Zulip Cloud availability incident

Incident Report for Zulip Cloud

Postmortem

Starting at 2025-01-23 09:24 UTC, Zulip Cloud began to experience an intermittent outage; users may have seen “Server error” responses when attempting to access Zulip, or slower responses if they succeeded.

These intermittent effects were caused by Zulip Cloud running out of memory as it attempted to process and respond to a very small number of requests which were extremely memory-intensive. Parts of the Zulip Cloud service automatically restarted to handle this memory pressure, with varying impacts — at its worst, this caused a complete outage from 09:46 UTC to 09:55 UTC.

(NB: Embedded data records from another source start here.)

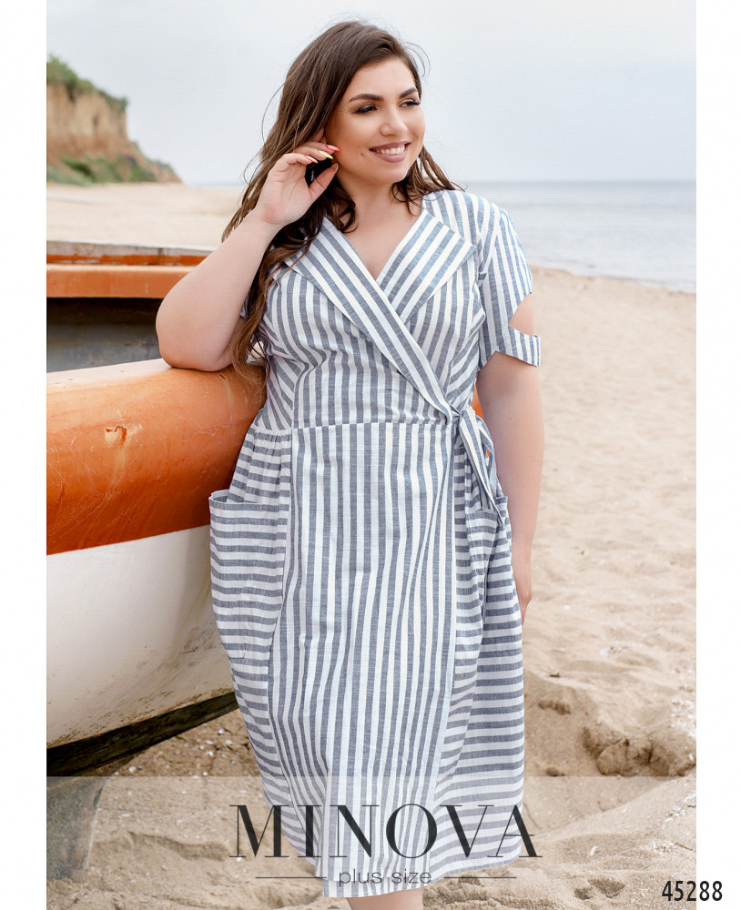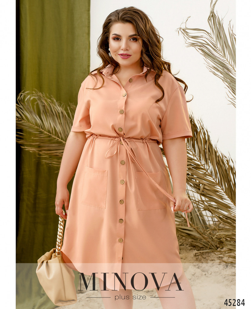 Яркое платье батал с короткими рукавами-оборками, застёжка - ряд пуговиц спереди на планке. Подол с длинными оборками. По бокам - карманы в шве. Через талию под кулиской пропущен шнурок.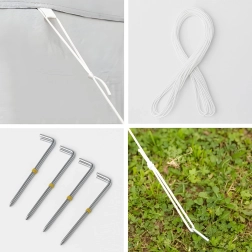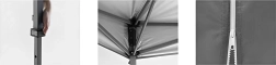 Po každé akci snadno stan složíte pomocí pop-up systému, díky kterému nepotřebujete žádné nářadí. Každá noha má otvory pro ukotvení do země a pro větší stabilitu slouží spojovací lanka. Součástí je také transportní taška z odolného polyesteru 420D pro bezpečné a praktické uskladyňování.
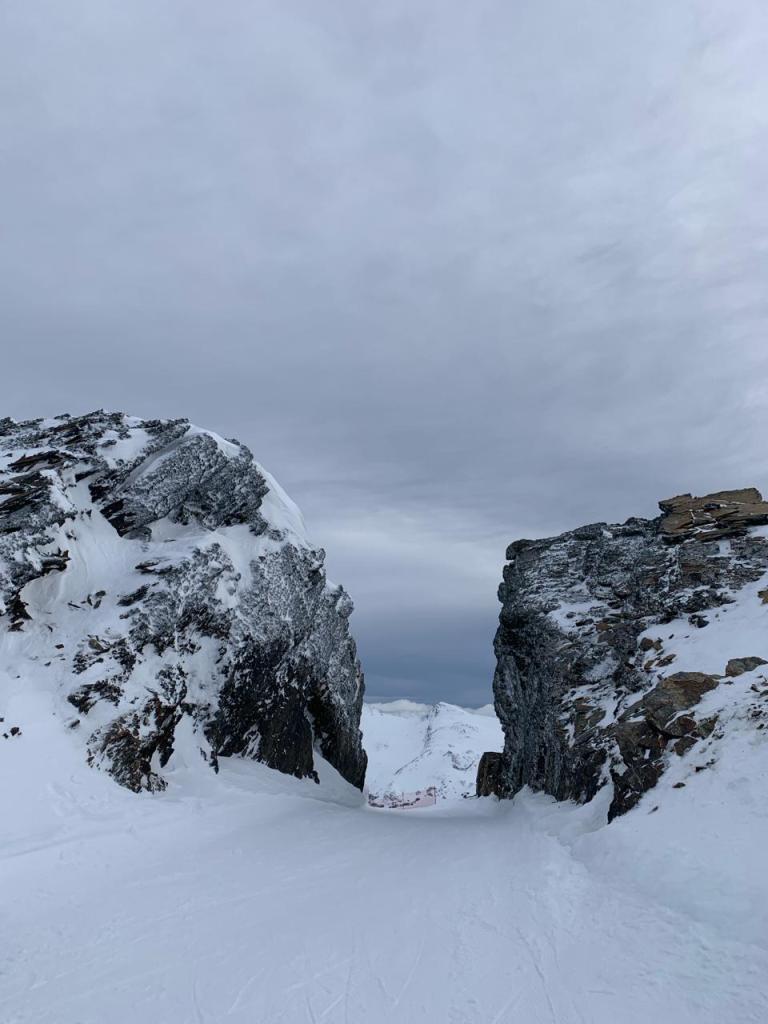 We took another lift to the top and turned left, to pass through the typical „gate“ of this resort: Two huge stones with the slope passing through as if you pass this huge gate into a view of the mountains around. It was beautiful. We said to each other multiple times how crazy it is to be here and have a „normal“ ski day, just as we have it in the alps.

Starting at 12:04 UTC, Zulip Cloud began to have difficulty responding to the volume of users' requests, and began serving “Server error” responses more consistently, due to being over capacity. This may have been triggered by our attempts to diagnose the memory issues; we are still investigating the contributing causes to this.

This outage lasted until 12:57 UTC, when we restored service by temporarily disabling the user presence API endpoints which were contributing the most load to the system; this allowed users to load their Zulip Cloud accounts. After access patterns stabilized, we re-enabled the user presence API.

At 15:50, we identified the bot messages that had caused the original out-of-memory issues, mitigated their contribution by deleting them, and conveyed that information to owners of the affected organization. This addressed the immediate risk of the intermittent outages that started the incident.

We apologize for any disruption caused by this incident, and are working on addressing the underlying causes, so that this doesn’t happen again. Ongoing follow-ups:

Investigating the contributing factors which led to the over-capacity issue.
Creating a more robust solution to the memory issues which this incident uncovered.
Improving the number of links to this status page, as well as broadening who can update it, to ensure that it is updated in a more timely fashion.

Posted Jan 23, 2025 - 19:00 UTC

Resolved

This incident has been resolved.

Posted Jan 23, 2025 - 16:00 UTC

Monitoring

A fix has been implemented and we are monitoring the results.

Posted Jan 23, 2025 - 12:57 UTC

Investigating

We are currently investigating this issue.

Posted Jan 23, 2025 - 12:29 UTC

This incident affected: Zulip Cloud and Mobile Push Notification Service.